BMJ 2000; 320 doi: https://doi.org/10.1136/bmj.320.7226.5 (Published 01 January 2000) Cite this as: BMJ 2000;320:5Judgment clarified the law but did not remedy its unfairness
- Andrea Loux, senior research fellow, constitution unit,
- Susan Kerrison, Rubins research fellow, health policy and health services research unit,
- Allyson M Pollock, professor, health policy and health services research unit
- School of Public Policy, University College London, London WC1E 6BT
The Court of Appeal last year lent support to the Royal Commission on Long Term Care in a case that marked a watershed in the politics of long term care in Britain. The Department of Heath guidance that followed the judgment is a partial retreat from three decades of policy which has seen responsibility for funding long term care shift from the NHS to individuals and local authorities.

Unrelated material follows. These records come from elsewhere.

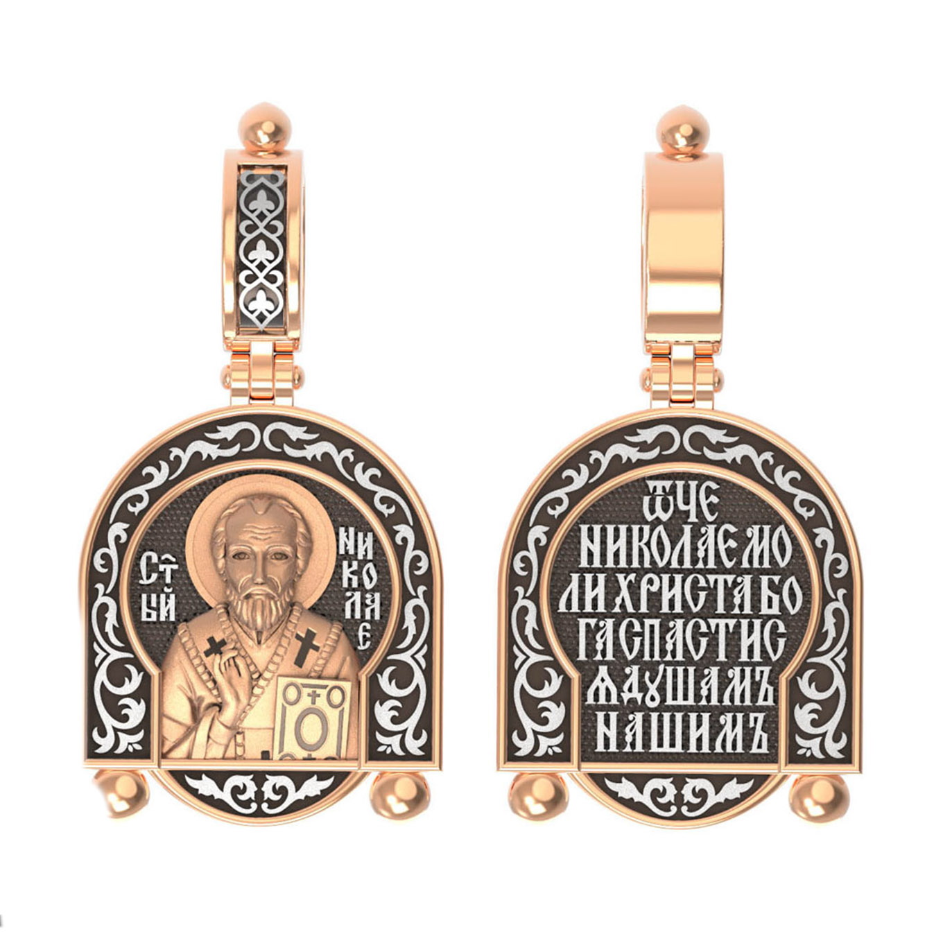 На лицевой стороне образка изображен Святитель Николай архиепископ Мир Ликийских, Чудотворец. Он является одним из самых почитаемых святых в православном мире. Святитель Николай родился во второй половине III века в Малой Азии в Ликийском городе Патары. С рождения Божий Угодник проявлял необыкновенные дарования. Сохранилось Предание, что во время крещения он, никем не поддерживаемый, простоял в купели три часа. Приняв сан священника, святитель Николай стал проводить еще более строгую подвижническую жизнь. Избранник Божий Николай стал вершиной всех добродетелей, поднятой до райской высоты. С кем из величайших праведников не сравнялся он образом духовной красоты, кому из них не последовал в своих деяниях и чудотворениях? Вся жизнь святого Николая — это служение Богу. Много великих и преславных чудес сотворил великий Святитель Николай Угодник. Он помогал сущим в бедах, укрощал штормы, спасал от потопления и выносил на сушу из глубины морской, освобождал из плена и приносил освобожденных домой, избавлял от уз и темницы, защищал от посечения мечом, освобождал от смерти и подавал многим различные исцеления: слепым — прозрение, хромым — хождение, глухим — слух, немым — дар слова.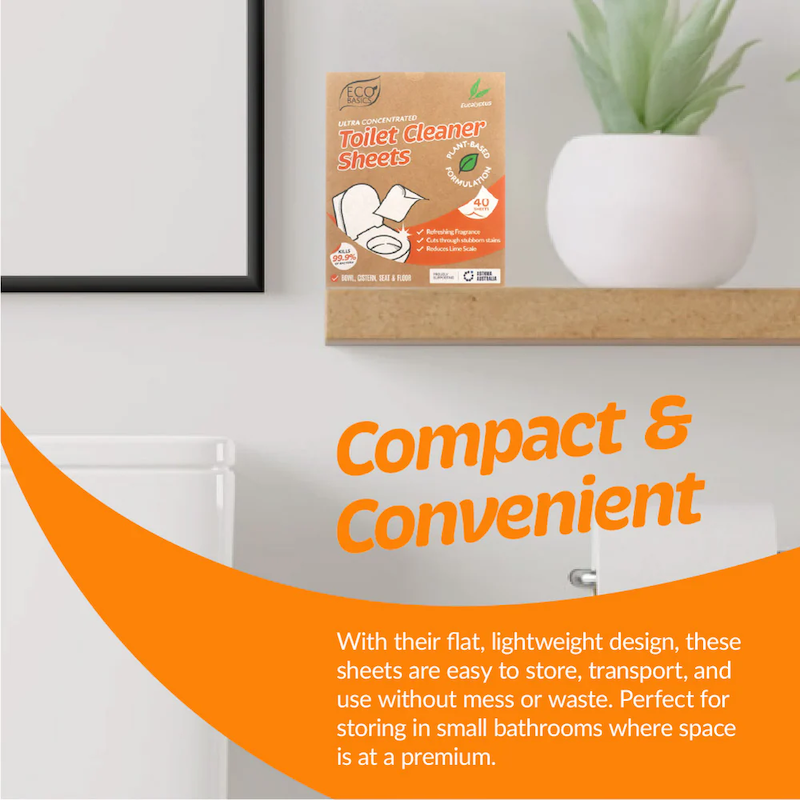 Change the way you clean your toilet with Eco Basics Ultra Concentrated Toilet Cleaning Sheets. Powered by advanced plant-based cleaning technology, each sheet is designed to dissolve tough stains, reduce lime scale, and leave behind a fresh eucalyptus scent. It’s a simple, sustainable solution for total toilet hygiene.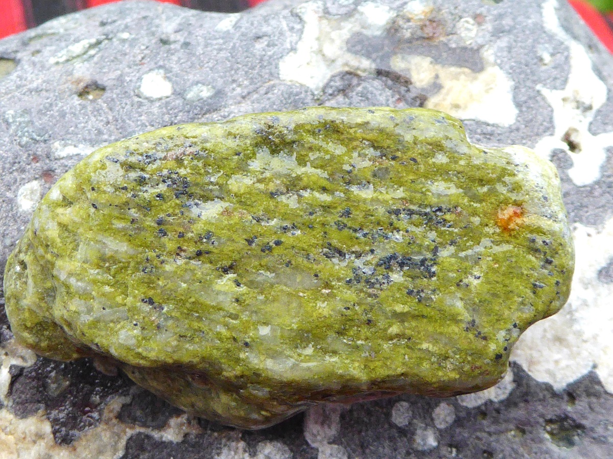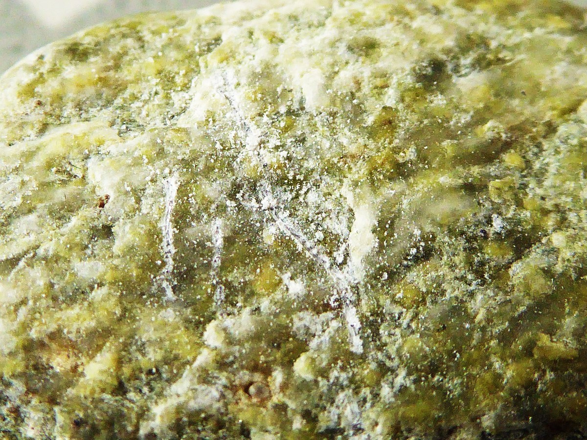 Diesen fand ich gestern am Strand und von der Farbe her erinnert er mich an Lizardit. ist ein anderes Grün als das übliche Epidot-Grün.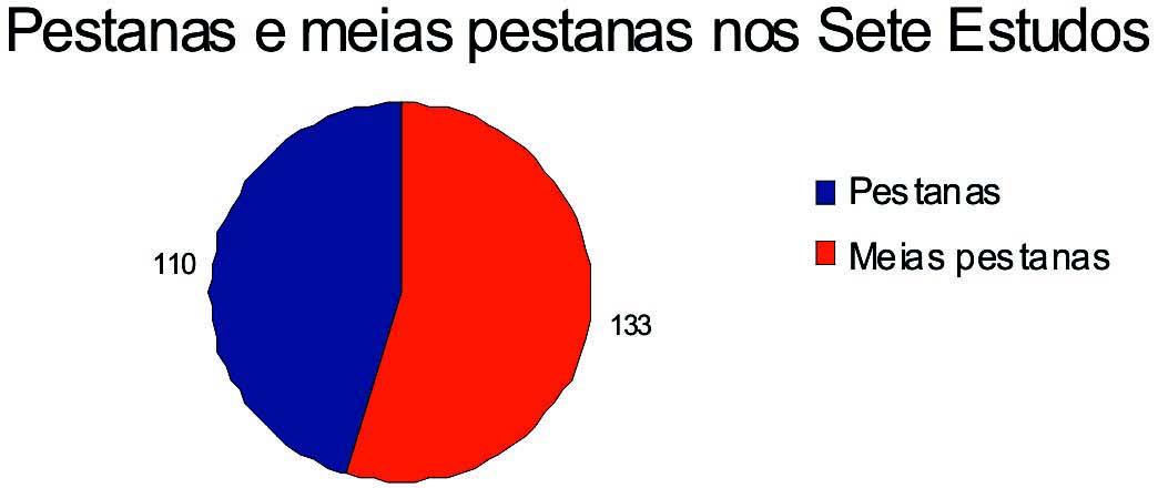 Considerando a série dos Sete Estudos, a utilização das meias pestanas é pouco superior à utilização das pestanas, como podemos ver no seguinte gráfico.
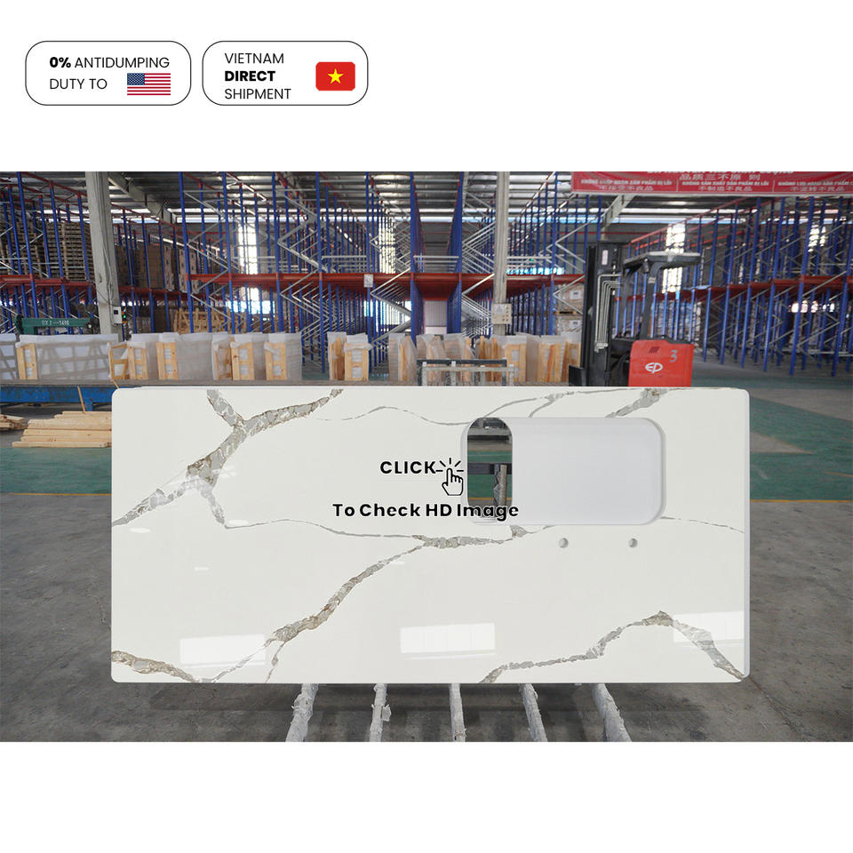 NV881 Fascinante de gama alta minimalista Nueva escena Ingeniería residencial Villa Piedra de cuarzo artificial Gabinete de cocina Losa superior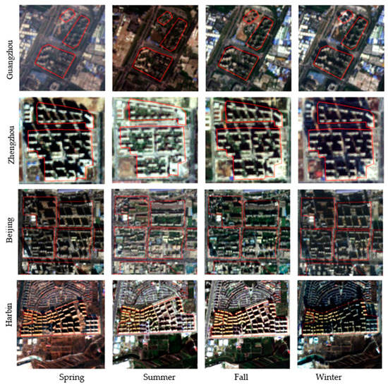 True-color images of patches selected from four cities and four seasons, and red rectangles refer to HRBs in the patches.
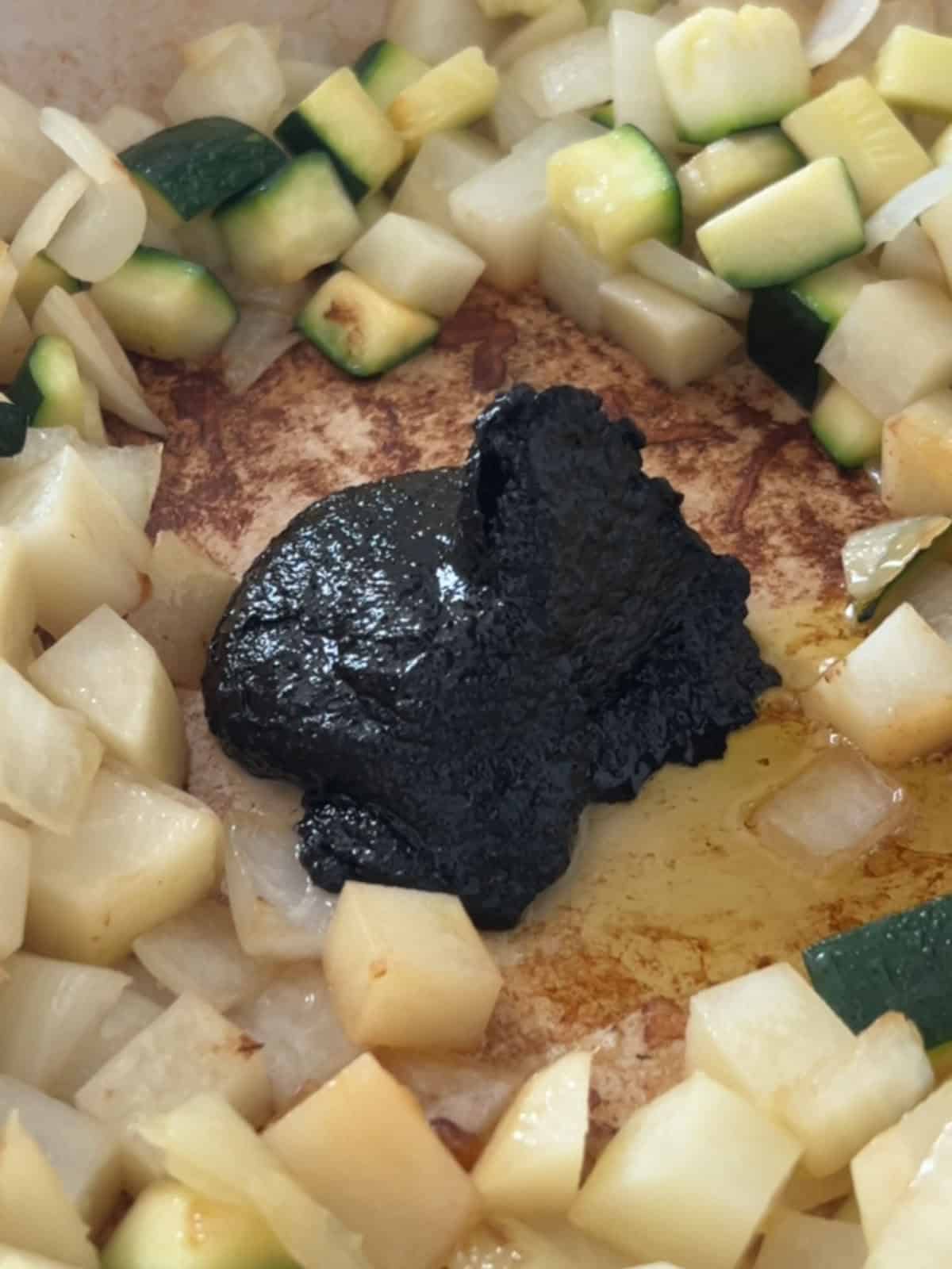 • To the middle of the pan, add a tablespoon of oil and the black bean paste. Sauté the black bean paste for 3-4 minutes, stirring constantly so it doesn’t burn.

The landmark case was brought by Pamela Coughlan, who sought judicial review of a health authority's decision to close the NHS home, Mardon House, where she had been promised “a home for life.” Ms Coughlan, rendered quadriplegic in a road accident in 1971, won at both the High Court and the Court of Appeal. The health authority was forced to make good its promise, and the court upheld Ms Coughlan's right under article 8 of the European Convention of Human Rights to respect for her home.1 In the High Court the judge went further and declared that nursing is “health care” and can never be “social care.”2 The effect of that judgment would have been to make the NHS responsible once more for long term nursing care and the extra costs of some 200 000 residents whose nursing home places are funded by the local authority, the Department of Social Security, or private payers.